Joint Representation Classification for Collective Face Recognition
This work addresses the problem of improving face recognition accuracy and efficiency for applications involving multiple correlated images, though it is incremental as it builds on existing sparse representation techniques.
The paper tackles the problem of collective face recognition by proposing a joint representation classification (JRC) method that accounts for correlations among multiple images, unlike traditional sparse representation classification which processes images individually. Experimental results on three public databases show that JRC with a practical iterative quadratic method saves computational cost and achieves better performance than state-of-the-art methods.
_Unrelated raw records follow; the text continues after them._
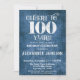 100th Birthday Invitation Blue Linen Rustic Cheers
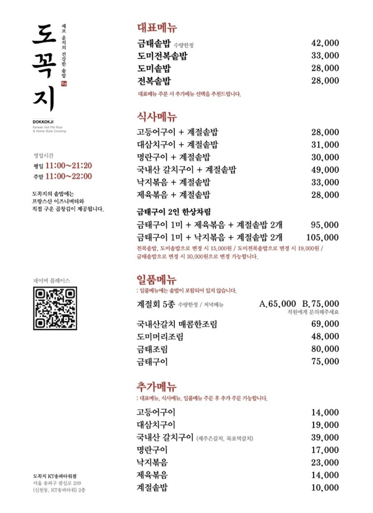 금태솥밥 + 계절솥밥 (42,000원)
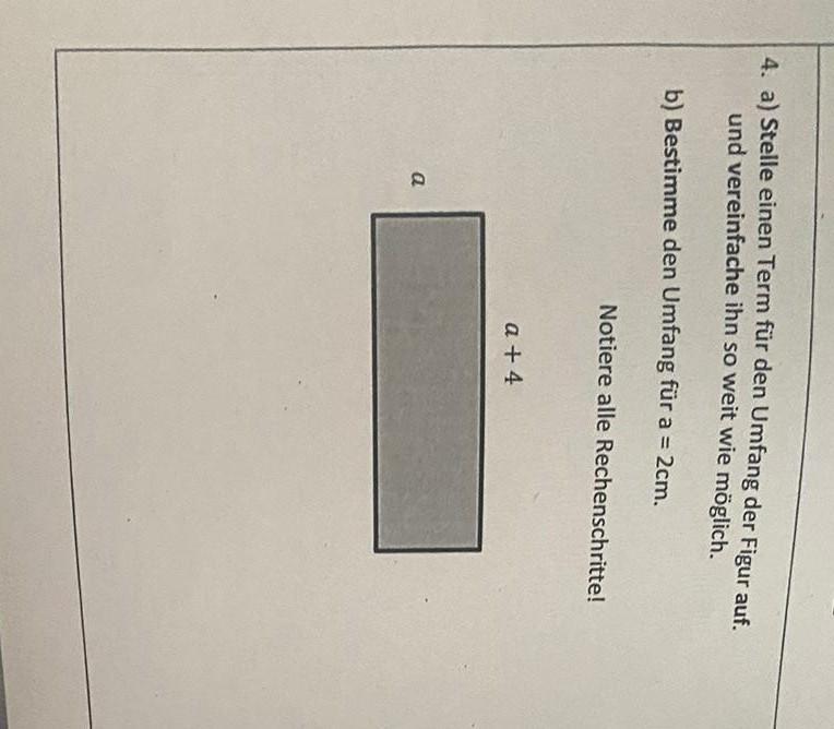 4. a) Stelle einen Term für den Umfang der Figur auf. und vereinfache ihn so weit wie möglich. b) Bestimme den Umfang für a = 2cm. a Notiere alle Rechenschritte! a +4
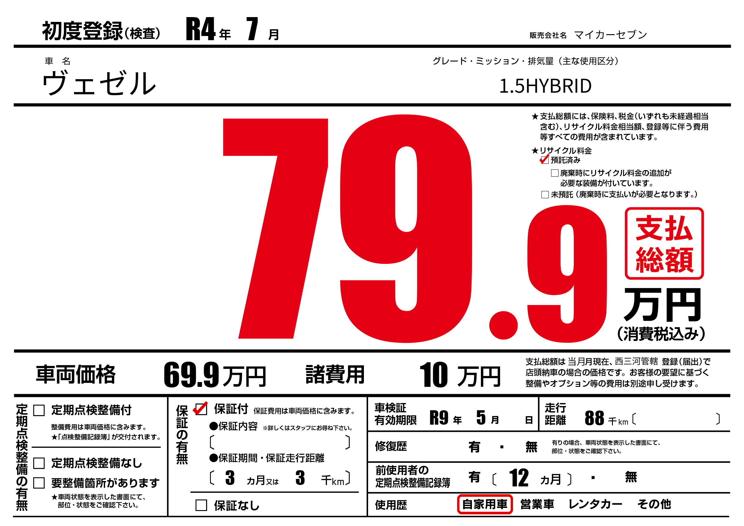 | 車名 | ヴェゼル | グレード ミッション 排気量 |
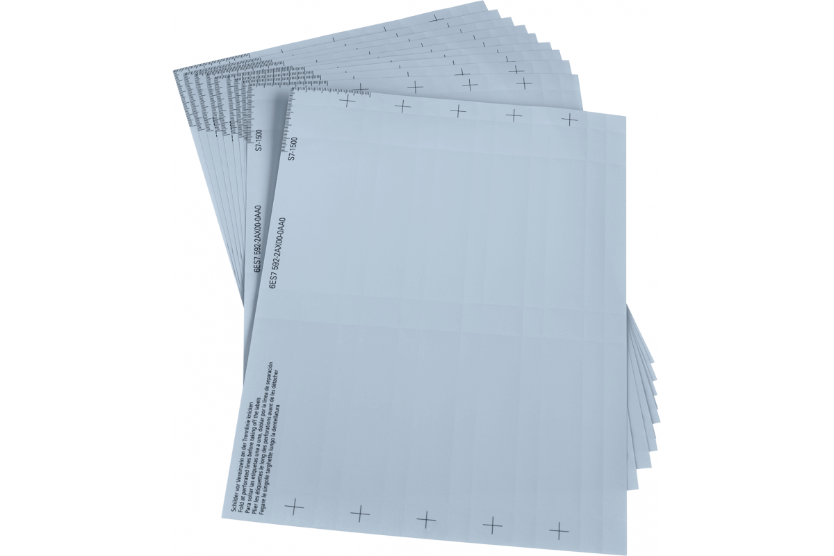 6ES7592-2AX00-0AA0 SIMATIC S7-1500, МАРКИРОВОЧНЫЕ ЛИСТЫ ДЛЯ МОДУЛЕЙ S7-1500 ШИРИНОЙ 35 ММ, ЦВЕТ: АЛЮМИНИЕВО-СЕРЫЙ, МАТЕРИАЛ: МЕМБРАНА, ПЕРФОРИРОВАНЫ, ДЛЯ ПРИМЕНЕНИЯ СО СТАНДАРТНЫМИ ЛАЗЕРНЫМИ ПРИНТЕРАМИ, 10 ЛИСТОВ ПО 10 МЕТОК КАЖДЫЙ В УПАКОВКЕ - ДОСТАТОЧНО ДЛЯ 100 МОДУЛЕЙ
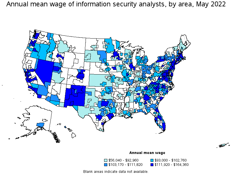 States and areas with the highest published employment, location quotients, and wages for Information Security Analysts are provided. For a list of all areas with employment in Information Security Analysts, see the Create Customized Tables function.

Sparse representation based classification (SRC) is popularly used in many applications such as face recognition, and implemented in two steps: representation coding and classification. For a given set of testing images, SRC codes every image over the base images as a sparse representation then classifies it to the class with the least representation error. This scheme utilizes an individual representation rather than the collective one to classify such a set of images, doing so obviously ignores the correlation among the given images. In this paper, a joint representation classification (JRC) for collective face recognition is proposed. JRC takes the correlation of multiple images as well as a single representation into account. Under the assumption that the given face images are generally related to each other, JRC codes all the testing images over the base images simultaneously to facilitate recognition. To this end, the testing inputs are aligned into a matrix and the joint representation coding is formulated to a generalized $l_{2,q}-l_{2,p}$-minimization problem. To uniformly solve the induced optimization problems for any $q\in[1,2]$ and $p\in (0,2]$, an iterative quadratic method (IQM) is developed. IQM is proved to be a strict descent algorithm with convergence to the optimal solution. Moreover, a more practical IQM is proposed for large-scale case. Experimental results on three public databases show that the JRC with practical IQM no only saves much computational cost but also achieves better performance in collective face recognition than the state-of-the-arts.